** YOUR OBJECTIVE **
Beginning with the line that contains "The King is", retype the entries below exactly, ending with the line that contains "Labordiamant Verlobungsring im". Leave out any pictures.
INPUT DATA below:
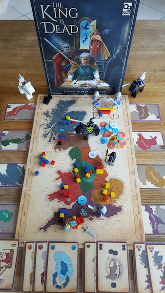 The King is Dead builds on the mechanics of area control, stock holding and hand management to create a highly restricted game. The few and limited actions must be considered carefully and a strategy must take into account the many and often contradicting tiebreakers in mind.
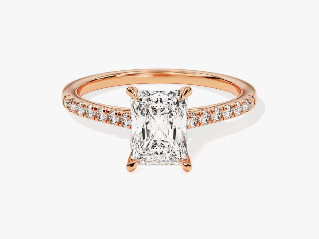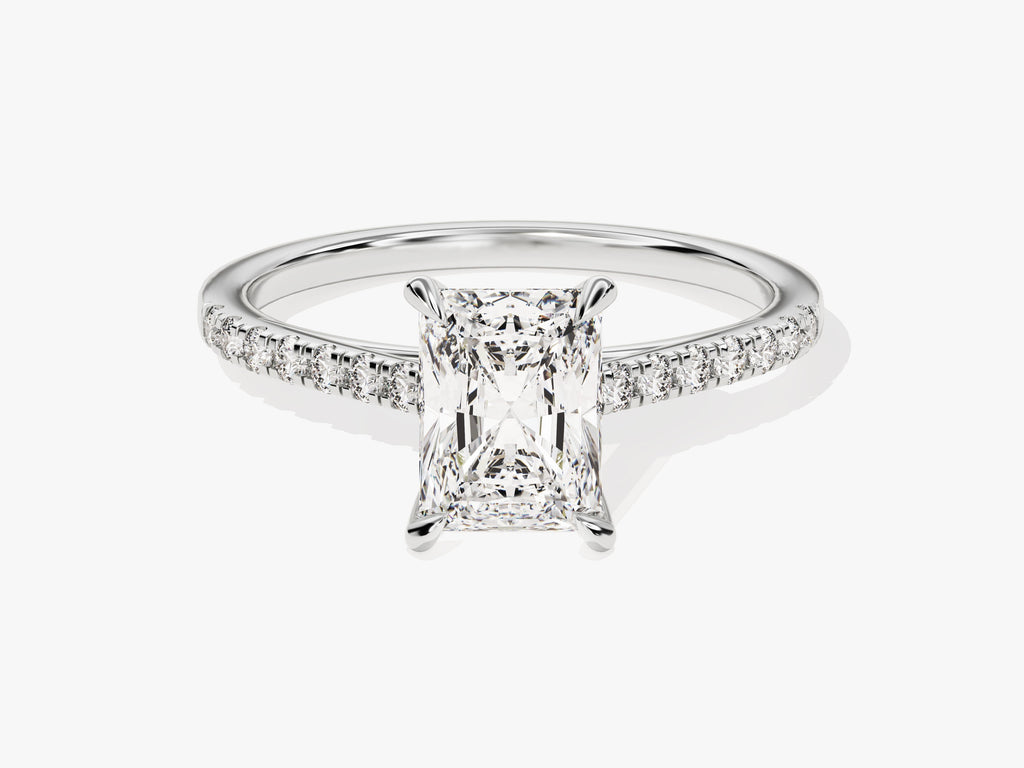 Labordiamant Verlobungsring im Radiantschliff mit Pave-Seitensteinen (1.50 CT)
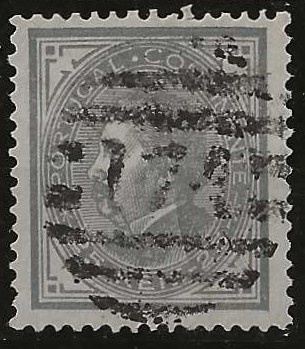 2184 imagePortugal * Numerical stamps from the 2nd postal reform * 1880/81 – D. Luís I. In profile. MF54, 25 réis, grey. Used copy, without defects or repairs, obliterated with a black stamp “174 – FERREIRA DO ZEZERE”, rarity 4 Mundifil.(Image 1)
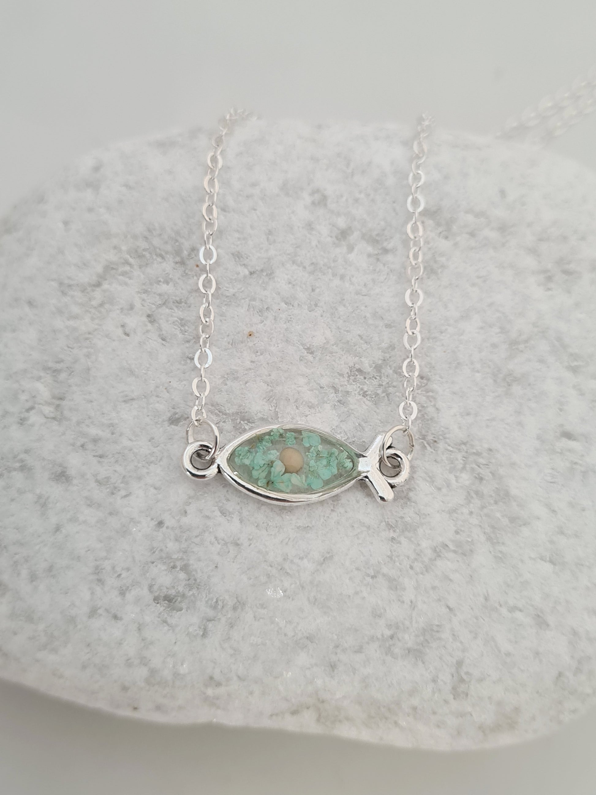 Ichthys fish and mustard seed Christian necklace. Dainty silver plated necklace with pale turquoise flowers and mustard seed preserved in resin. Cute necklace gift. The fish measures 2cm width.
End of INPUT DATA.
INPUT DATA below:
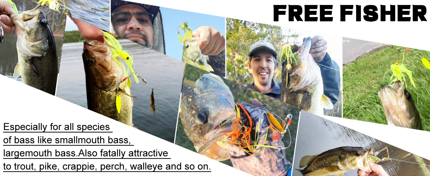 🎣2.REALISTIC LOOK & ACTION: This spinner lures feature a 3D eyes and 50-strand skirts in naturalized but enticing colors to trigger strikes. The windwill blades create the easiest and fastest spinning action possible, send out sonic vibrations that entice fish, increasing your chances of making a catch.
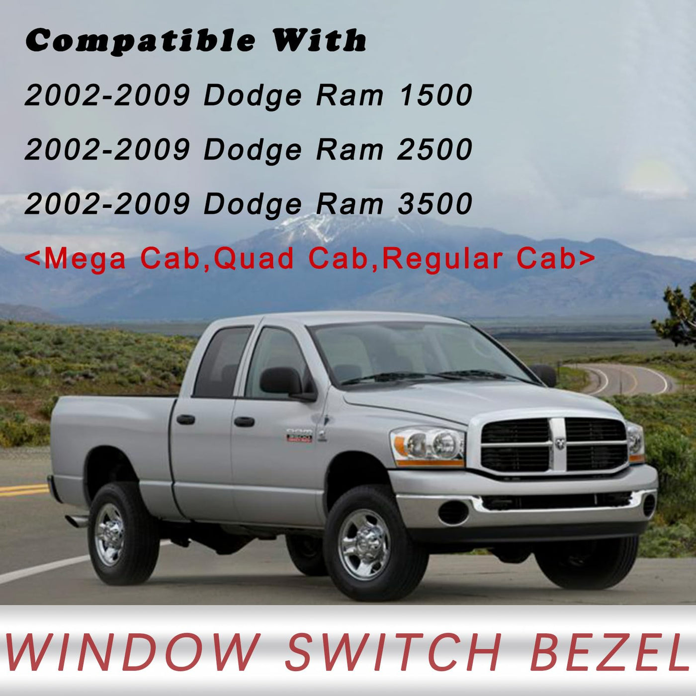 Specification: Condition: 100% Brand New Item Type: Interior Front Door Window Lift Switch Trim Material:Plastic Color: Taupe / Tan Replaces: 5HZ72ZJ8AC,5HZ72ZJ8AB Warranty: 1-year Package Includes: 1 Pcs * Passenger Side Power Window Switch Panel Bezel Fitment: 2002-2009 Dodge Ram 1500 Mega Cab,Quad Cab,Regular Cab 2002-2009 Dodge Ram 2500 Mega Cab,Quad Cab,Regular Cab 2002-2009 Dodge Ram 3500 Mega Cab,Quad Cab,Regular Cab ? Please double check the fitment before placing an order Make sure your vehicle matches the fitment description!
End of INPUT DATA.
INPUT DATA below:
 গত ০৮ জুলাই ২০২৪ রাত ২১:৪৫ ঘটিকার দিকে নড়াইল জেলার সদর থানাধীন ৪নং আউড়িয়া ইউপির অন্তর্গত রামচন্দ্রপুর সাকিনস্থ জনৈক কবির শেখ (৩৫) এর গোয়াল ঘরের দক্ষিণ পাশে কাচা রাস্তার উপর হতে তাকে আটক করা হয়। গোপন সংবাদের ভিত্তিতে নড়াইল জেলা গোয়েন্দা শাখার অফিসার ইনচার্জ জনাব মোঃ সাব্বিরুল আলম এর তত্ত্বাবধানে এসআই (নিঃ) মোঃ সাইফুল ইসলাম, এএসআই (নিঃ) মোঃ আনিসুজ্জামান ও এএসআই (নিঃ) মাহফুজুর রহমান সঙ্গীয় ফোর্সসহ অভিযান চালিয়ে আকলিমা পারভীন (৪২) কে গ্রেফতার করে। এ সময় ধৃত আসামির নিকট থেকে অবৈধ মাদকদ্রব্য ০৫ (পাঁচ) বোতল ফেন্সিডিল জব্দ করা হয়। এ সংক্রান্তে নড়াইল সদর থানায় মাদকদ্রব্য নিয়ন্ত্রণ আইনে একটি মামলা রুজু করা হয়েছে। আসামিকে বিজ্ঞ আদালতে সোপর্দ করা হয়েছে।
End of INPUT DATA.
** SOLUTION TO THE EXERCISE **
 The King is Dead builds on the mechanics of area control, stock holding and hand management to create a highly restricted game. The few and limited actions must be considered carefully and a strategy must take into account the many and often contradicting tiebreakers in mind.
 Labordiamant Verlobungsring im Radiantschliff mit Pave-Seitensteinen (1.50 CT)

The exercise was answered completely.